- Opening Delimiter -

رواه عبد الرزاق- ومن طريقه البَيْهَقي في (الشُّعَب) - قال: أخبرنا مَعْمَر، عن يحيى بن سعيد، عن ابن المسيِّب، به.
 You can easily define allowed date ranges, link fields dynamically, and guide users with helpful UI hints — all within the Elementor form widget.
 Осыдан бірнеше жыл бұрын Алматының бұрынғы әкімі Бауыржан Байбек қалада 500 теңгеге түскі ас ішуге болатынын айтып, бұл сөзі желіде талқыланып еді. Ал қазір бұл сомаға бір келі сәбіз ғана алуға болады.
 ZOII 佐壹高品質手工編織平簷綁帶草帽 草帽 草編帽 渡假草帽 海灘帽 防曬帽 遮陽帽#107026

- Closing Delimiter -
- Opening Delimiter -

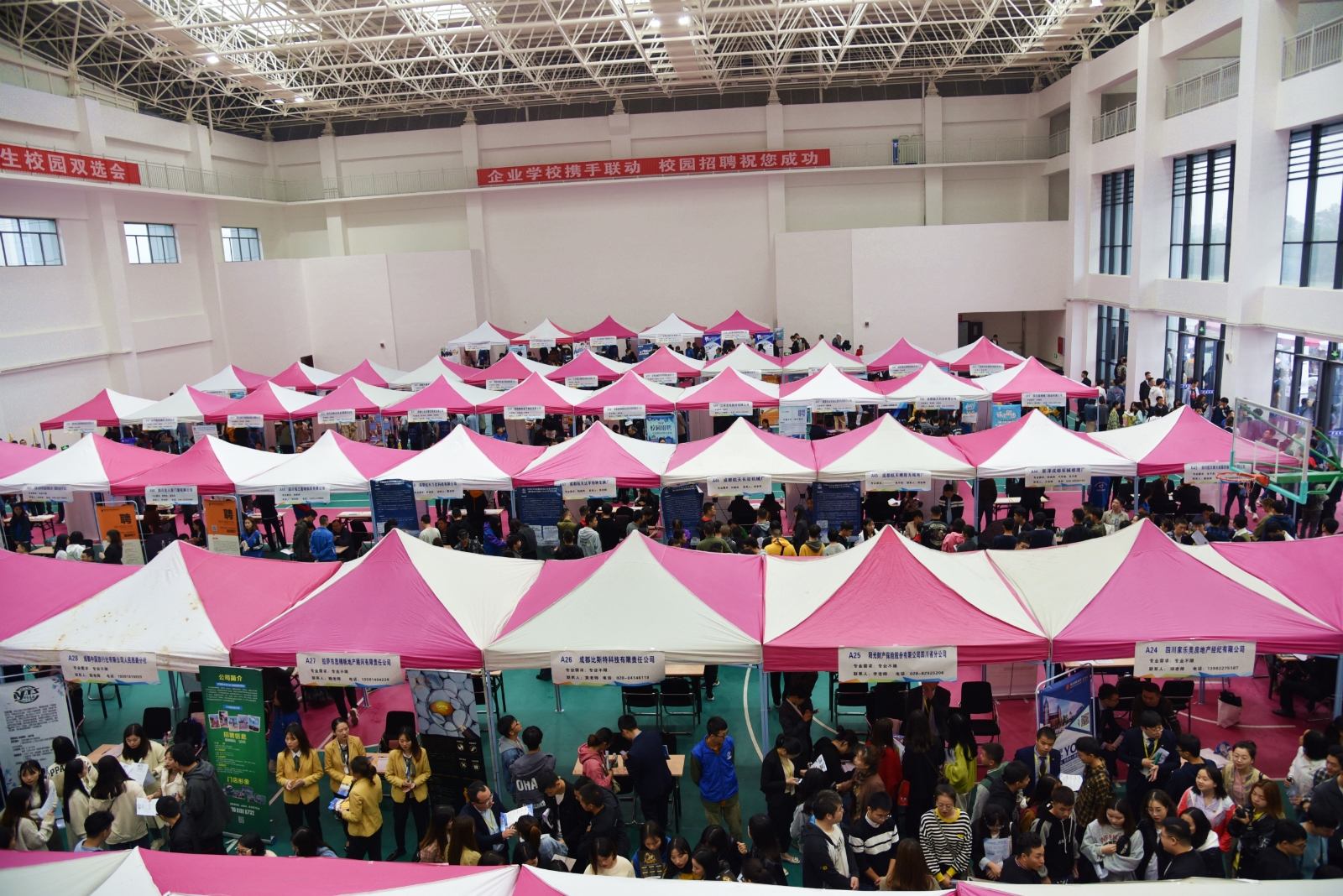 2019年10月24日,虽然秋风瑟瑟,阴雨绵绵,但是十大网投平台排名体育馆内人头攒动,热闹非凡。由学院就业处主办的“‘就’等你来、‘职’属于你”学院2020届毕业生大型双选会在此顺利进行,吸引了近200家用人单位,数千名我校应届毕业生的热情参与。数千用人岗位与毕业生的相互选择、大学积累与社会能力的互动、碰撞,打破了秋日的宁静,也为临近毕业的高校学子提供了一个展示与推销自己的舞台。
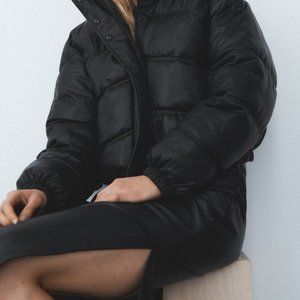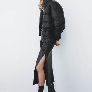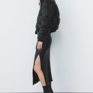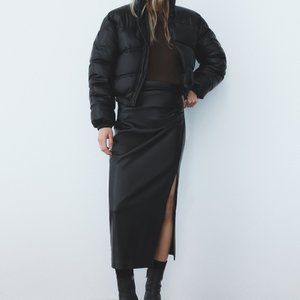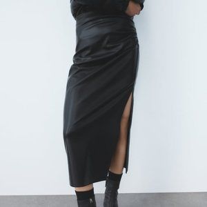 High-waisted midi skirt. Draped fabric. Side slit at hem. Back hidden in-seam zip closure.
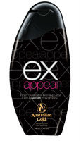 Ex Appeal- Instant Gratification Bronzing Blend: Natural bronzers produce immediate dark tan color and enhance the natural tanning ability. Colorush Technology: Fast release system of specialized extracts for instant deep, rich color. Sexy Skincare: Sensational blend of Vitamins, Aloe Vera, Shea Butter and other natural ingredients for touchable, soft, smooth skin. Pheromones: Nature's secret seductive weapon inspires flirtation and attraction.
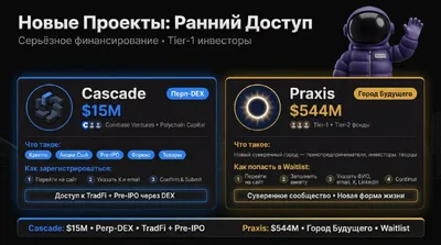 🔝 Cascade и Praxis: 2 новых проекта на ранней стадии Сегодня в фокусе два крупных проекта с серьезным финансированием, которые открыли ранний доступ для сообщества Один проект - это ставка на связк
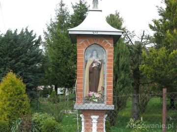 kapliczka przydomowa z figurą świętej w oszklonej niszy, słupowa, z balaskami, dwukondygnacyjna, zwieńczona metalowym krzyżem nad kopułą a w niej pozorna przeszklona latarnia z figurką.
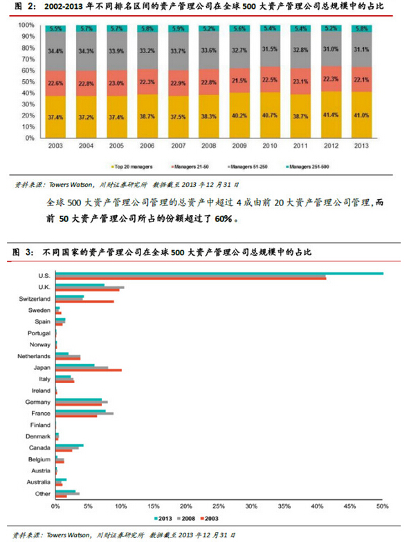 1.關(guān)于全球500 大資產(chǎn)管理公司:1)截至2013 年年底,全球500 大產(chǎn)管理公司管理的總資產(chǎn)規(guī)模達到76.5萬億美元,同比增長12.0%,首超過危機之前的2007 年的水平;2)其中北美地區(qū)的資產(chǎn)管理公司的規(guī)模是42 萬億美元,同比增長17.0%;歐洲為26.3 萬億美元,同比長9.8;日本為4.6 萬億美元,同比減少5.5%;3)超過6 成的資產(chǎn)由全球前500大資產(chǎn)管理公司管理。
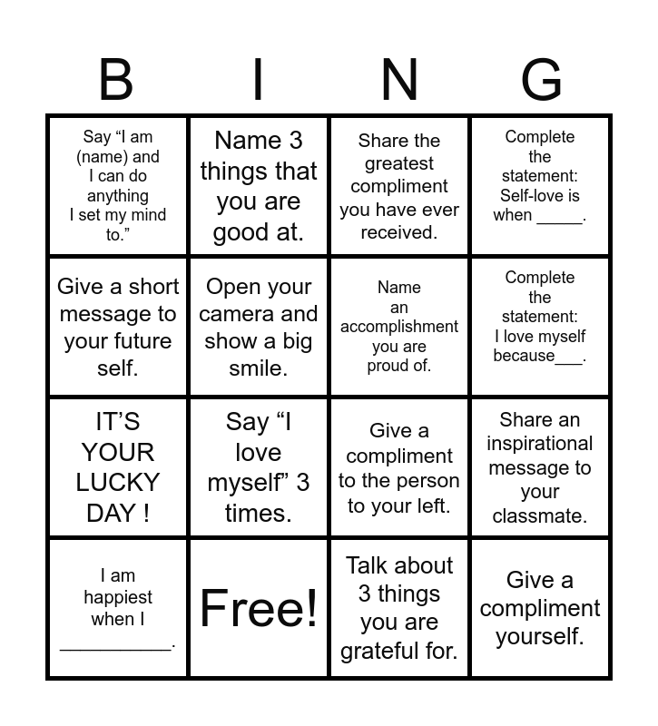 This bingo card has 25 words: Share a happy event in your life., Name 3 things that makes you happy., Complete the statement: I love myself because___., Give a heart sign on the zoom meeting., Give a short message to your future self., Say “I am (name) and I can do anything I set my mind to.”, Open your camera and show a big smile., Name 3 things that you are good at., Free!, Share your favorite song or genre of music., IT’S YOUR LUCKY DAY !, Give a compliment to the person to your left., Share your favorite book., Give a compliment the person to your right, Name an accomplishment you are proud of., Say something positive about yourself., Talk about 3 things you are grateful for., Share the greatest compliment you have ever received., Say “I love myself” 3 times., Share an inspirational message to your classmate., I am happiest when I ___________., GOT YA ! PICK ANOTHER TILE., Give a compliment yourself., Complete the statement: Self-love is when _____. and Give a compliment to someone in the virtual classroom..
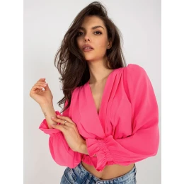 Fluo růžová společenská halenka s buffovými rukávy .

- Closing Delimiter -
- Opening Delimiter -

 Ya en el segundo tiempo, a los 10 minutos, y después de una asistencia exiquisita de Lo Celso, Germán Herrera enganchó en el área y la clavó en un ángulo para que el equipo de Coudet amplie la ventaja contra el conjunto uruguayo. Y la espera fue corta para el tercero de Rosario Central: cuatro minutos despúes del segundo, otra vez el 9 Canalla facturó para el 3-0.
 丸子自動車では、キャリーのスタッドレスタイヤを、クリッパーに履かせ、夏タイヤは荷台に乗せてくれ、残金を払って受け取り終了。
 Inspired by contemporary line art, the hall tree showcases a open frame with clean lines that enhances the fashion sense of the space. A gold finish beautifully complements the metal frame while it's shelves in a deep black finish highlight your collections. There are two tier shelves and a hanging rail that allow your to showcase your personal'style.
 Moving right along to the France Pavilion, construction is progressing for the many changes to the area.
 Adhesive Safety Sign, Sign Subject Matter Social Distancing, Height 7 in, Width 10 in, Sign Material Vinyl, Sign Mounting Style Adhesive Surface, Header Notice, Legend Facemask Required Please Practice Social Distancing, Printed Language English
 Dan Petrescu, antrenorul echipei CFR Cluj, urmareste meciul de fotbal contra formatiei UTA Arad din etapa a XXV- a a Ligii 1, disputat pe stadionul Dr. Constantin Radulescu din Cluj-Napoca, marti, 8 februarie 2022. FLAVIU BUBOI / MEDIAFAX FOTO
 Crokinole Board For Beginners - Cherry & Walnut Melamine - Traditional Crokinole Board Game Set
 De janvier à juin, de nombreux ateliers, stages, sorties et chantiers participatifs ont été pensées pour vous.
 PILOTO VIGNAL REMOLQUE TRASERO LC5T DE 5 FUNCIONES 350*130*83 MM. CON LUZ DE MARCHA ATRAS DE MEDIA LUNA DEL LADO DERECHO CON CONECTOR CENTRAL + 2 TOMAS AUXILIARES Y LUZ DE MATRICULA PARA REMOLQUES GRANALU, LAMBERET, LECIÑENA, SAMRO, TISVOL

- Closing Delimiter -

▶ [Exercise description]: When a line holds the string "with", pull it out of the listing.

▶ [Solution]:
 You can easily define allowed date ranges, link fields dynamically, and guide users with helpful UI hints — all within the Elementor form widget.
 Inspired by contemporary line art, the hall tree showcases a open frame with clean lines that enhances the fashion sense of the space. A gold finish beautifully complements the metal frame while it's shelves in a deep black finish highlight your collections. There are two tier shelves and a hanging rail that allow your to showcase your personal'style.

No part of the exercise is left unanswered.